Here's a systematic comparison
0-initial
1-inline
2-no-inline-bind
3-more-inlining
4-inline-bind
Benchmark | 0-initial | 1-inline | 2-no-inline-bind | 3-more-inlining | 4-inline-bind |
---|---|---|---|---|---|
Folds/all | 1.34e-4 | 3.4% | 2.8% | -54.5% | -59.4% |
Folds/any | 1.33e-4 | 5.4% | 6.0% | -60.6% | -60.5% |
Folds/find | 1.35e-4 | 1.9% | -5.8e-2% | -59.1% | -61.1% |
Folds/findIndex | 1.22e-4 | 5.4% | 2.8% | 6.1% | 2.1% |
Folds/fold | 5.14e-5 | 1.9% | 0.4% | 0.4% | 0.9% |
Folds/foldM | 5.16e-5 | -2.3% | -2.2% | -3.5% | -1.3% |
Folds/head | 8.48e-9 | 4.7% | 2.6% | 0.3% | -0.9% |
Folds/index | 1.10e-4 | 6.4% | 4.4% | 1.1e-2% | -1.4% |
Folds/last | 8.50e-5 | 1.8% | 1.6% | -2.8% | -1.8% |
Folds/length | 4.30e-5 | 1.6% | 1.9% | -0.9% | 4.0% |
Folds/null | 7.97e-9 | -1.3% | 6.6% | 3.3% | 1.8% |
Folds/toList | 1.11e-4 | -6.0% | -6.4% | -9.1% | -8.1% |
Pipes/chain | 9.85e-4 | -12.3% | -7.6% | -58.5% | -57.8% |
Pipes/concat | 1.28e-4 | 116.6% | 116.0% | -42.5% | -42.0% |
Pipes/drop | 8.29e-5 | 1.6% | 0.8% | 1.5% | 10.6% |
Pipes/dropWhile | 1.17e-4 | 0.9% | 1.7% | -3.6% | 0.5% |
Pipes/filter | 4.77e-4 | -44.8% | -45.1% | -53.9% | -50.9% |
Pipes/findIndices | 3.01e-4 | -0.4% | -0.3% | -27.2% | -19.8% |
Pipes/map | 2.55e-4 | -1.8% | -1.4% | -37.1% | -31.2% |
Pipes/mapM | 1.05e-3 | -19.2% | -18.5% | -59.8% | -63.3% |
Pipes/scan | 3.05e-4 | -3.5% | -4.3% | -35.6% | -34.8% |
Pipes/scanM | 8.57e-4 | -36.7% | -31.3% | -48.1% | -45.8% |
Pipes/take | 2.70e-4 | -5.8% | -4.3% | -35.9% | -36.4% |
Pipes/takeWhile | 2.81e-4 | 0.2% | -1.7% | -27.5% | -22.3% |
ReaderT/runReaderP_A | 2.24e-4 | 1.5% | -0.7% | -3.8% | -2.0% |
ReaderT/runReaderP_B | 3.94e-3 | -0.8% | -0.8% | 7.7e-2% | 1.0% |
StateT/evalStateP_A | 2.96e-4 | -9.3% | -9.4% | -10.8% | -9.3% |
StateT/evalStateP_B | 4.15e-3 | -0.2% | -1.3% | 3.9% | -0.7% |
StateT/execStateP_A | 2.65e-4 | 2.1% | -0.3% | 6.1% | -0.1% |
StateT/execStateP_B | 4.08e-3 | 2.2% | 1.8% | 3.6% | 2.6% |
StateT/runStateP_A | 2.94e-4 | -8.3% | -7.7% | -4.5% | -10.5% |
StateT/runStateP_B | 3.91e-3 | -1.1% | -0.6% | 6.9% | 2.5% |
Zips/zip | 1.03e-3 | -43.4% | -44.5% | -57.5% | -56.7% |
Zips/zipWith | 1.00e-3 | -40.5% | -43.2% | -55.1% | -51.0% |
enumFromTo.vs.each/each | 1.54e-4 | 2.7% | -1.9% | -53.9% | -47.2% |
enumFromTo.vs.each/enumFromTo | 1.62e-4 | 10.1% | -1.1% | -54.7% | -52.7% |
Perfect!

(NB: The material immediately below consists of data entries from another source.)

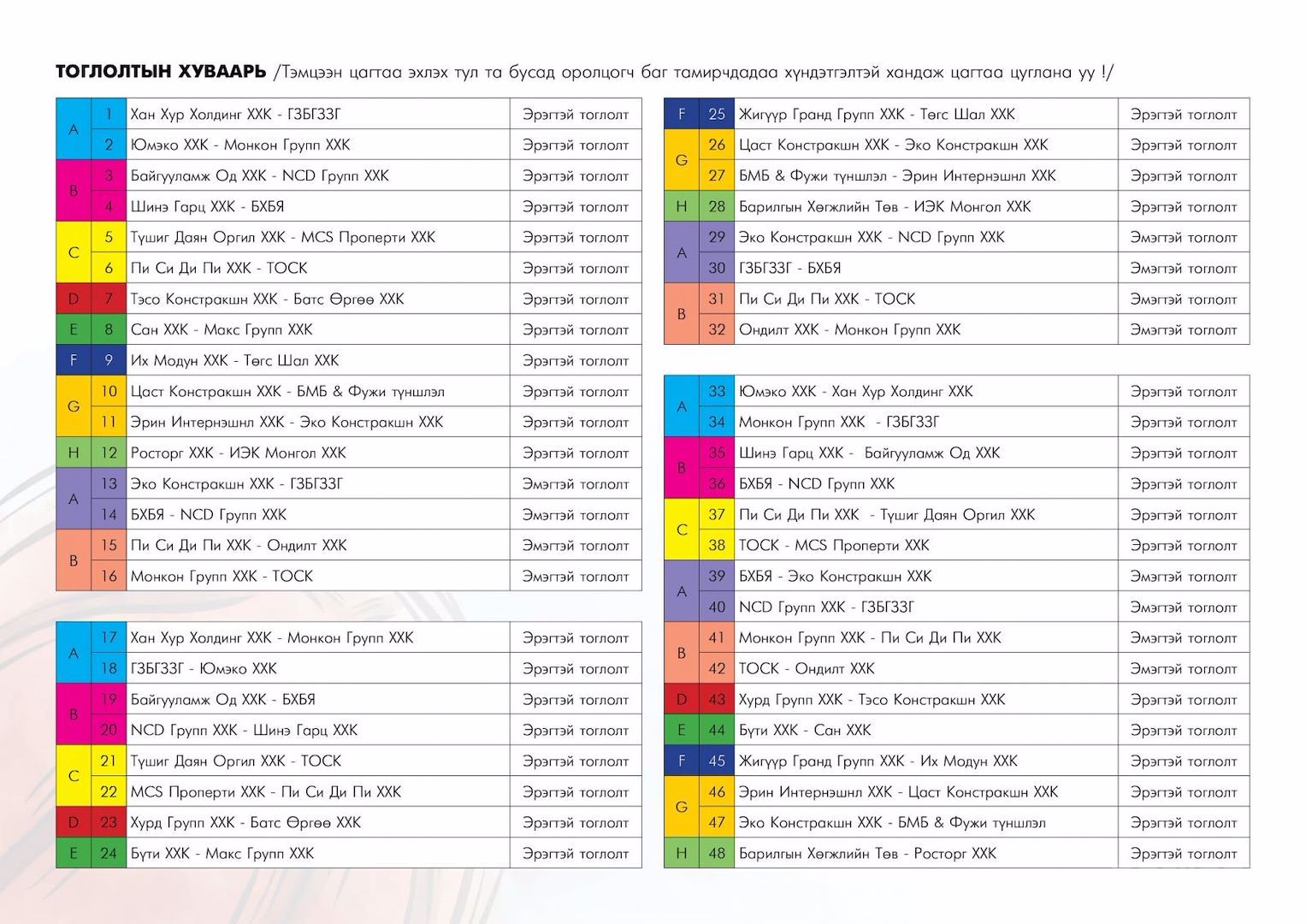 Тэмцээнд нийт 30 байгууллагын эрэгтэй 28 баг, эмэгтэй 8 баг оролцоно. Хэсгээс гарсан эрэгтэй тоглолт нь 8 минутаар хоёр үе тоглож, 2-р үеийн сүүлийн 2 минут нь цэвэр цагаар явах бөгөөд довтолгооны 24 секунд харна. Харин эмэгтэй тоглолт нь 7 минутаар хоёр үе үргэлжилж, 2-р үеийн сүүлийн 2 минут нь мөн ижил цэвэр цагаар бодогдож, довтолгооны 24 секундыг харна. Баг тамирчид хуваарьт тоглолт болох цагтаа ирээгүй тохиолдолд 5 минут хүлээх бөгөөд дээрх хугацаанд амжиж ирээгүй бол тухайн тоглолтод хожигдсоноор тооцно.
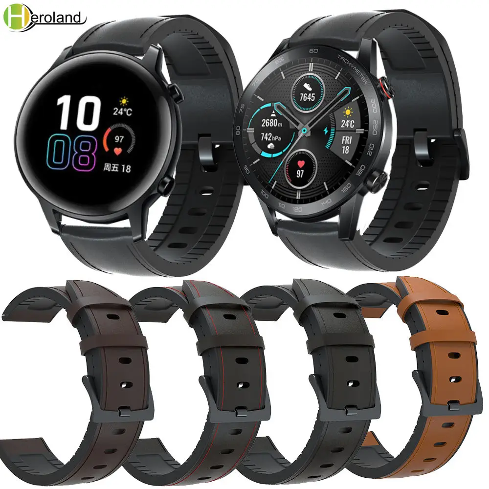 20 мм 22 мм ширина ремешок для часов кожа + силикон для Huawei Honor Magic Watch 2 46 мм 42 мм быстросъемный ремешок для часов
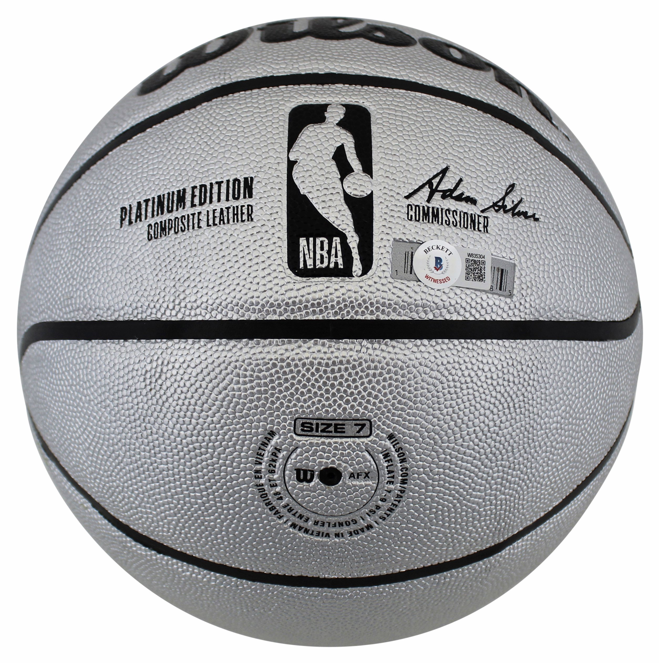 This Autographed Silver Wilson Indoor/Outdoor Basketball has been Personally Signed by Magic Johnson & Larry Bird. This item is 100% Authentic to include a hologram by Beckett Authentication Services. This item will come with an affixed Beckett Authentication Services (BAS) authentication sticker, which includes a scannable QR code to verify authenticity. Please note that Beckett no longer provides serial-numbered COA cards, and the attached BAS sticker will serve as the complete authentication for this item. This is a BAS Witnessed Protection Program item which means a Beckett Authentication Service representative was present when this item was being signed. We conducted an autograph signing with Magic Johnson & Larry Bird where multiples of the same item were signed. While the photographs are representative of this item, the size, placement and strength of the signature may vary. Each item is hand signed, therefore, each autograph is unique. This item can be verified through BAS Witnessed.
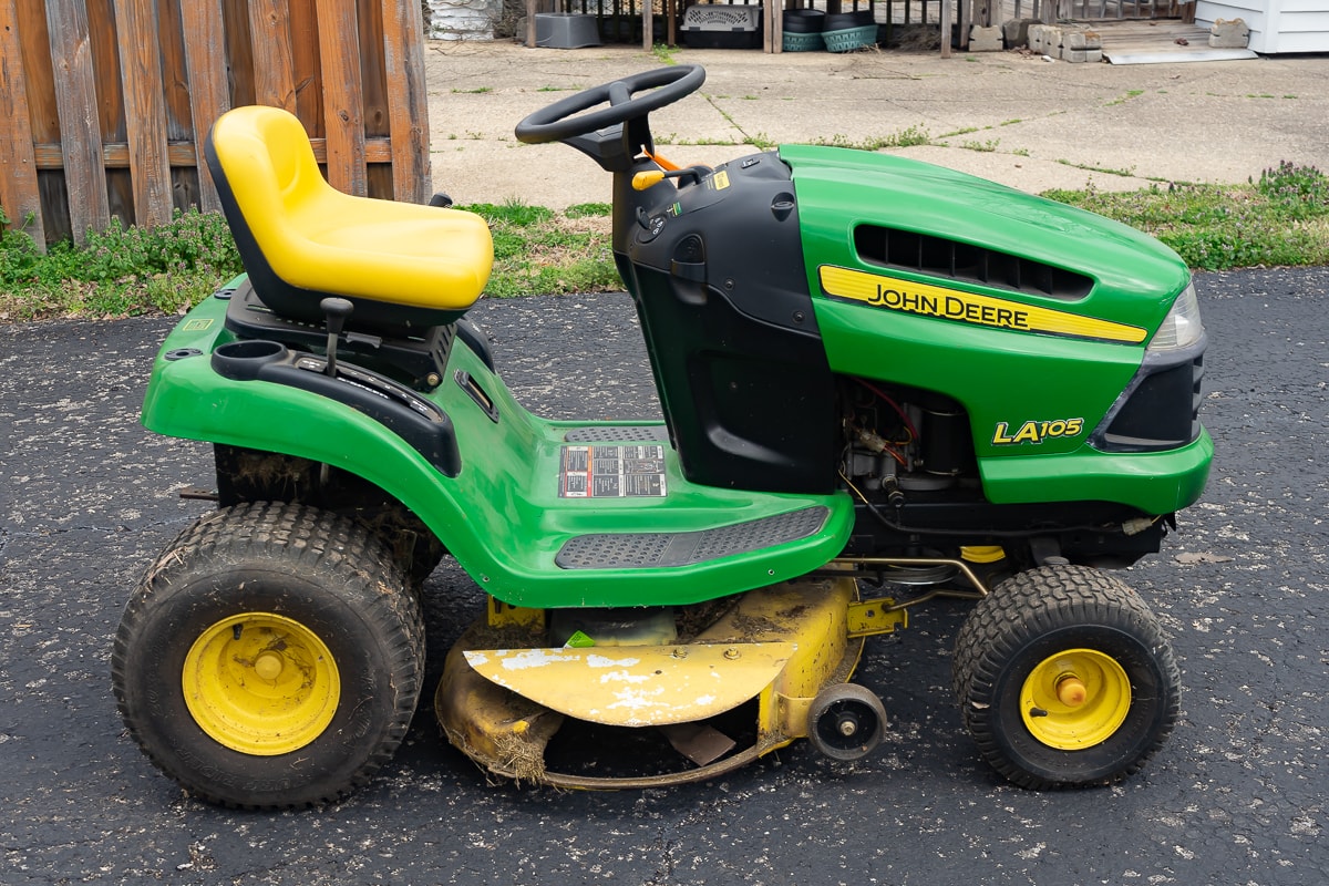 John Deere LA105 Riding Lawn Mower with 42” cut, in running condition with a new battery.
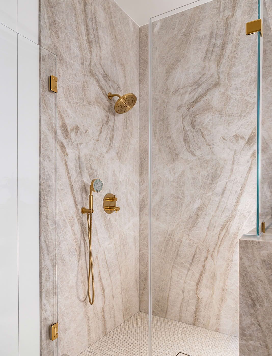 Компания Стоун Коллекшн предоставляет полный комплекс услуг по созданию душевых кабин из кварцита:
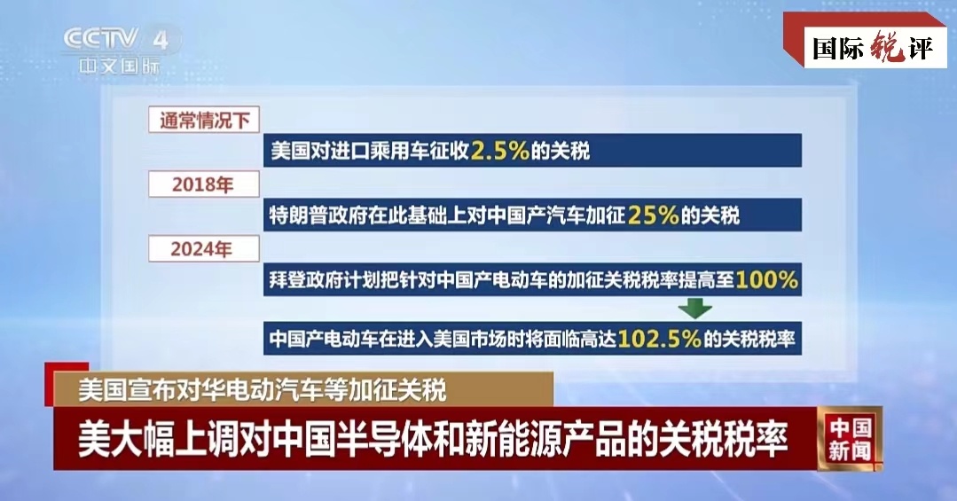 2018年3月,美國時任特朗普政府依據所謂“301調查”挑起對華貿易戰,先后對約3600億美元中國輸美商品加征高額關稅。2022年5月,在四年期對華加征關稅行動到期前,拜登政府宣布啟動相關復審程序。當地時間14日,美方發布了復審結果,宣布進一步提高對華關稅,涉及商品包括以電動汽車、鋰電池、光伏產品為代表的中國“新三樣”,以及關鍵礦產、半導體、鋼鋁、港口起重機、個人防護裝備等。
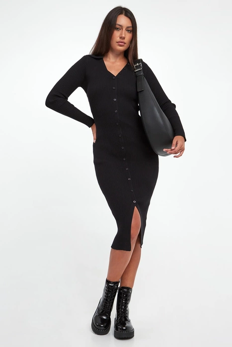 Sukienka prążkowana midi DKNY Czarny Slim
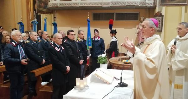 CREMA (21 novembre 2019) - Celebrazione della Virgo Fidelis, patrona dei carabinieri. In San Bartolomeo il vescovo Daniele Giannotti ha celebrato la messa, affiancato dal parroco don Michelangelo Nufi. Tra i presenti il vicequestore Daniel Segre, il capitano Giovanni Meritano, che comanda la Compagnia dei carabinieri di Crema, i comandanti di stazione, e i rappresentanti delle associazioni d'Arma. Per il Comune, il consigliere Pietro Mombelli.

Thanks for taking the time to fix all the rewrite rules. I know how much effort that must have taken so I wanted to let you know that I'm deeply thankful for your work on this
The rewrite rules defined in Pipes are currently quite fragile as the functions which they match on may be inlined before the rules are given an opportunity to fire. Here we delay inlining of various operations to ensure that the rules can fire unimpeded during simplifier phase 2.
These cases are pointed out by a warning which will be introduced in GHC 8.0.1.